Senate Republicans abruptly left Washington on Thursday without voting on a roughly $70 billion bill to fund immigration enforcement agencies, postponing action until after the Memorial Day recess amid an internal party rift over a newly created settlement fund for individuals who claim they were politically prosecuted. The decision followed a tense morning meeting with acting Attorney General Todd Blanche, who briefed senators on the fund, and it threatens to blow past President Donald Trump’s self-imposed June 1 deadline for the legislation.
The core of the conflict is a $1.776 billion fund the Justice Department announced earlier this week. It is designed to pay settlements to people who can demonstrate that they were targeted by a weaponized legal system — a category the administration has used to describe Trump supporters charged in the Jan. 6, 2021, Capitol attack. Several senators balked at the prospect that taxpayer money could go to individuals convicted of assaulting law enforcement officers that day. The Associated Press reported that the fund “prompted even more questions, spurring a push to limit the taxpayer dollars that some feared could go to Trump supporters who harmed law enforcement officers” in the riot.
That resistance was the breaking point in a bill whose path was already narrowing. Days earlier, Republican senators had stripped $1 billion in security funding for the White House complex and for a ballroom on Trump’s property, a provision that had drawn criticism as a personal rather than governmental expense. The removal came after members of their own party questioned why immigration enforcement legislation should carry a pricey upgrade to the president’s private spaces.

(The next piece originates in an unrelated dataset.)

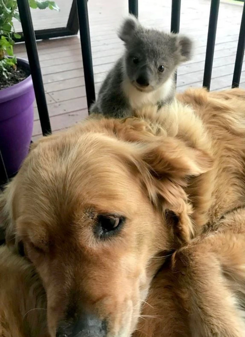 U moru takvih snimaka i fotografija, ipak se izdvojila jedna u kojoj je glavni akter zlatni retriver Aša. Naime, on se na vratima porodičnog doma u kojem živi sa svojim vlasnicima pojavio sa koalom starom nekoliko meseci na svojim leđima.

The Thursday meeting with Blanche did not calm the waters. According to the AP, the session “only heightened the frustration among senators,” and shortly afterward Republican leaders announced they would not bring the immigration bill to a vote until they returned from the Memorial Day recess, sometime during the week of June 1 — the same week Trump had demanded its passage. The delay left Homeland Security agencies without the funding they need to maintain current enforcement operations, and it exposed a legislative dynamic in which Trump’s own party is, in the words of one wire report, “pushed to the limit” and showing “rare defiance” to his demands.
Congressional aides said the settlement fund remained the main sticking point, though several senators also expressed reservations about the overall cost of the immigration enforcement package and the White House’s insistence that it move on an accelerated schedule. No Democrats supported the original bill, meaning Republicans needed near-unanimity within their conference. With the settlement fund unresolved and the ballroom security provision already dead, party leaders lacked the votes to proceed.
The standoff now pivots to behind-the-scenes negotiations over the recess. Republican senators face a choice between accepting a fund that critics say rewards Jan. 6 offenders or holding up the signature immigration enforcement bill the president campaigned on — a dilemma that, if unresolved, will leave border and interior enforcement agencies running on stopgap funding past the June 1 deadline.